→ Data records:
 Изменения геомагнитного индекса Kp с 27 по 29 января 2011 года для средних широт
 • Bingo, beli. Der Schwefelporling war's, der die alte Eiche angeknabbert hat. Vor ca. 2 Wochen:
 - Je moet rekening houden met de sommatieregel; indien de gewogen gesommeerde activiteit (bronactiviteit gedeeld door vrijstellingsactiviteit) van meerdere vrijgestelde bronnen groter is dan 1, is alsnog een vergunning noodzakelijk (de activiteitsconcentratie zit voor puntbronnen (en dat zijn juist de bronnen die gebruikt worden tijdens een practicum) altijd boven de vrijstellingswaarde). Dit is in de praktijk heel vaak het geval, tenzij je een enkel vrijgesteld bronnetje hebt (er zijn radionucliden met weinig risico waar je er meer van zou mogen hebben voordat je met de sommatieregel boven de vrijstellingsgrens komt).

==

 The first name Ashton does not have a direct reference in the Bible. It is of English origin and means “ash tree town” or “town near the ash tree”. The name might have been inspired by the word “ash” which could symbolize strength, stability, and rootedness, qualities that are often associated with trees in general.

→ What to do:
Please copy the lines above from the line with "Изменения геомагнитного индекса" up to and including the line with "- Je moet rekening", exactly as written and with nothing else.

→ Solution below:
 Изменения геомагнитного индекса Kp с 27 по 29 января 2011 года для средних широт
 • Bingo, beli. Der Schwefelporling war's, der die alte Eiche angeknabbert hat. Vor ca. 2 Wochen:
 - Je moet rekening houden met de sommatieregel; indien de gewogen gesommeerde activiteit (bronactiviteit gedeeld door vrijstellingsactiviteit) van meerdere vrijgestelde bronnen groter is dan 1, is alsnog een vergunning noodzakelijk (de activiteitsconcentratie zit voor puntbronnen (en dat zijn juist de bronnen die gebruikt worden tijdens een practicum) altijd boven de vrijstellingswaarde). Dit is in de praktijk heel vaak het geval, tenzij je een enkel vrijgesteld bronnetje hebt (er zijn radionucliden met weinig risico waar je er meer van zou mogen hebben voordat je met de sommatieregel boven de vrijstellingsgrens komt).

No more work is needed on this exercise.